Proprio nello stabilimento ICO che compare nella foto alla destra di Adriano ho preparato la mia tesi di laurea imparando a programmare un computer con microprocessore PPS4 a 4 bit nel '75.
Al piano inferiore le presse stampavano i tasti delle macchine da scrivere e al piano superiore 2.000 persone della ricerca e sviluppo preparavano la rivoluzione digitale.
Una volta laureato non entrai in Olivetti preferendo la dinamicità di una piccola impresa che mi aprì successive entusiasmanti esperienze tecniche e commerciali fino a diventare Direttore Marketing Apple Italia.
Solo dieci anni dopo la laurea e l'uscita di Steve Jobs dalla Apple fui assunto dalla Olivetti come dirigente nel '85, quando la multinazionale italiana era leader nei Personal Computer, nei prodotti per ufficio e nei sistemi per le imprese, e ci rimasi 12 anni. Nonostante i 25 anni dalla morte di Adriano l'azienda era ancora ispirata dalla sua lungimirante fama ed era una delle più importanti multinazionali dell'information technology europee con oltre 40 mila dipendenti, in grado di rivaleggiare con la tedesca Siemens, la francese Bull e l'inglese ICL.
Ma l'azienda esempio di genialità, cultura e sviluppo sociale, evocata da più parti, non ricevette le attenzioni del Paese che oggi la rimpiange. Il contesto di crescente competitività internazionale e la necessità di alimentare continuamente gli sviluppi tecnologici in tempi sempre più brevi ne minò le prospettive e l'Italia perse insieme a migliaia di posti di lavoro un simbolo di successo italiano nel mondo, che sopravvive tutt'oggi.
Il messaggio che vorrei trarre dalla storia Olivetti, per il futuro dell'industria italiana, è quello di evitare eccessi d'amarcord perché il mondo cambia e non è pensabile ripetere la storia di Olivetti, anche se sono molteplici gli spunti per ispirare nuovi progetti industriali in un'epoca sempre più caratterizzata dal digitale, che Adriano aveva intuito.
Non ce ne siamo resi conto, ma siamo stati capaci di assistere all'agonia e alla cessione dei gioielli dell'industria Italiana, uno dopo l'altro, e la ragione è stata sempre la stessa: mancanza di fiducia nel futuro.
Non porta da nessuna parte e non genera sviluppo e benessere sociale, navigare alla giornata seguendo "amarcord" senza una visione, senza progettualità, con politiche industriali condizionate dalla miopia e dai limiti delle competenze dei protagonisti improvvisati della quotidiana "telenovela", protagonisti della messa in scena di un Paese sempre più povero di risorse economiche e valoriali.

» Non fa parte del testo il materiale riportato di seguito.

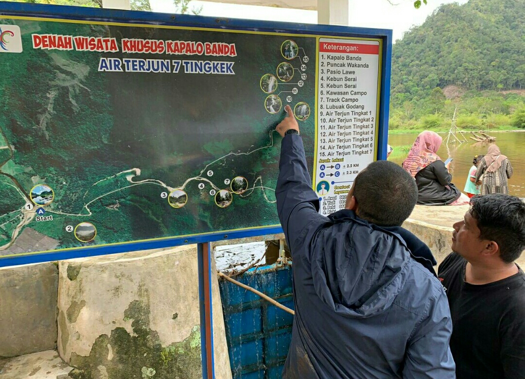 “Kami menyediakan dua jalur wisata alam bagi wisatawan yang ingin mencoba experience menuju air terjun, jalur yang pertama mendaki gunung dan yang kedua menggunakan sepeda gunung,” terang Adi, selaku ketua Pokdarwis Kapalo Banda.

Finché non avremo il coraggio di creare condizioni interessanti per le imprese: con tassazione equa e competitiva, certezza del diritto e riconoscimento del merito, stabilità del contesto e rispetto del ruolo sociale dell'impresa e delle persone che hanno veramente a cuore il futuro del Paese, con uno Stato più impegnato a creare infrastrutture e condizioni di sviluppo per le imprese, invece di dedicare risorse per acquisirle, i geni "Leonardeschi" dovranno trovare altrove le condizioni per realizzare i propri progetti.
Oggi come ai tempi di Olivetti le prospettive della imprese sono determinate dal ruolo sociale, al quale non può mancare però una solida strategia che ne garantisca solidità ed indipendenza finanziaria, in un contesto che ne favorisca lo sviluppo sostenibile, per non ripetere il caso Olivetti.